As a former religious columnist for the New York Times and host of a popular podcast, “Unorthodox,” for Tablet, an online magazine, Oppenheimer is sympathetic to how Jewish culture stands at the crossroads of resistance. proud and self-protective withdrawal, daring activism and self-effacement. The people it highlights are treated with a knowing and affectionate wink, a recognition of earthly. He dismisses criticism of his own role in the journalistic equivalent of traumatic tourism by delving into the deep roots of his father’s family in Squirrel Hill, although he himself grew up in Massachusetts and currently resides in New Haven. , Connecticut, as coordinator of Yale Journalism. Initiative. (For accounts by local writers, see Beth Kissileff and Eric Lidji’s anthology “Bound in the Bond of Life: Pittsburgh Writers Reflect on the Tree of Life Tragedy,” published by the University of Pittsburgh Press.)

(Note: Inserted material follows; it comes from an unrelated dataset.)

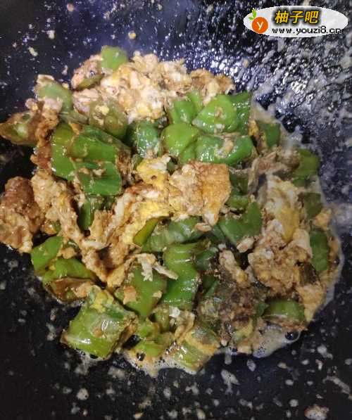 因为油多,不要担心鸡蛋和青椒会糊锅。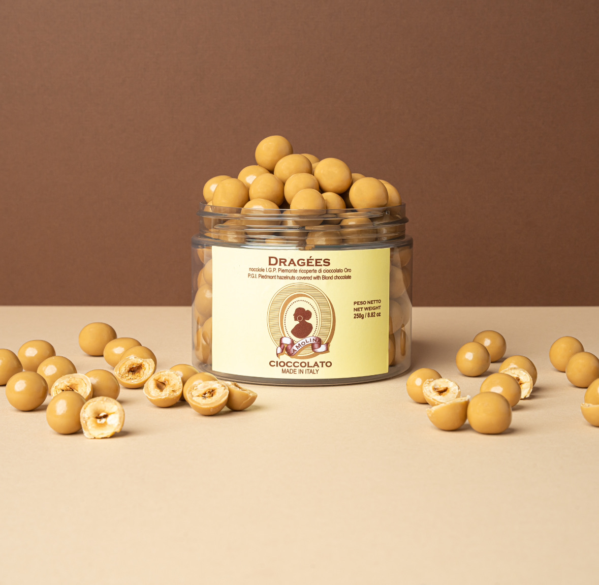 PGI Piedmont hazelnuts covered.. Read MoreBlonde chocolate dragees

Three years after the anti-Semitic murders that propelled the Tree of Life synagogue into national consciousness, it is still cordoned off. As I pass it on a daily basis, I often stop at the long traffic light and contemplate the many student art panels that brighten up the wire fence surrounding the desolate site. “Stronger Together” says a poster, and “#heartstogether” and “You Are Not Alone”. As recently as this morning, I dwelled on a work of art that said: “Rebuild together”. Finally, at the corner of Wilkins and Shady, the light turned green.